CO2 application is one of the important ways to promote crop growth and increase yield, especially for facility crop cultivation. Since carrot is a widespread vegetable, the area of off-season facility cultivation has been increasing in recent years. Jasmonic acid (JA) is a signal molecule that responds quickly to external stimulation in plants, so it is very important to study the JA metabolism under CO2 enrichment. In this study, the JA content and the biomass were measured during the growth and development of carrots under natural conditions and CO2 enrichment in greenhouse. The results showed that the JA content in carrot leaves under CO2 enrichment was higher than that of the control at all stages except harvest stage, but the leaf biomass and root yield were increased at all stages. RNA sequencing identified 482 differentially expressed genes (DEGs). By analyzing the JA synthesis pathway, five DEGs were obtained. In addition, GO annotation found 21 genes that respond to JA or are related to JA-mediated signal transduction.
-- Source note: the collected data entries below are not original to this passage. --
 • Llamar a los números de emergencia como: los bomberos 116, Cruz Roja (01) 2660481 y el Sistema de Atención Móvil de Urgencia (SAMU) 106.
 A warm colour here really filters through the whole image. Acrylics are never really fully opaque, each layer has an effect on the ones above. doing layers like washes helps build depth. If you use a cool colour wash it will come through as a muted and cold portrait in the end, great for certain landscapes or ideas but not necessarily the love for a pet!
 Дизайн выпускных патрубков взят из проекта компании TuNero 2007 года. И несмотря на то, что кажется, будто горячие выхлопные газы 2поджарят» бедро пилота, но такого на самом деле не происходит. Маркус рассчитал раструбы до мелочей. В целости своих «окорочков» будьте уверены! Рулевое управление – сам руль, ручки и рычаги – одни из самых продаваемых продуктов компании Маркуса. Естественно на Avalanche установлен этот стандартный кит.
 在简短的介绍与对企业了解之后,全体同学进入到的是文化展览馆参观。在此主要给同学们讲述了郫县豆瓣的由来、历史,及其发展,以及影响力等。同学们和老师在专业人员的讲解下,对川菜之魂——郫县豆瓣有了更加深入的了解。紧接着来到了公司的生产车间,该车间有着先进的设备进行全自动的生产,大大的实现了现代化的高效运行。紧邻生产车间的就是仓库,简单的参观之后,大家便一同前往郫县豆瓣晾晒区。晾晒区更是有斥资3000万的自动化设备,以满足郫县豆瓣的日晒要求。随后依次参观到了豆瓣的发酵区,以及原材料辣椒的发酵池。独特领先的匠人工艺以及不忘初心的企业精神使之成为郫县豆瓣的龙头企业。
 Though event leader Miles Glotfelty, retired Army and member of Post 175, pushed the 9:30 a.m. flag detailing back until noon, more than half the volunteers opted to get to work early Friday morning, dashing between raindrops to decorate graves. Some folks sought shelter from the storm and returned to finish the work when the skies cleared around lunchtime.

Among them, seven genes are directly related to growth and development, five genes are related to hormonal regulation, and six genes are related to stress. This study showed that JA was highly responsive to CO2 enrichment: JA not only regulated carrot growth, but also responded to abiotic stress. This research provides new insights into the process of plants adapting to high levels of CO2.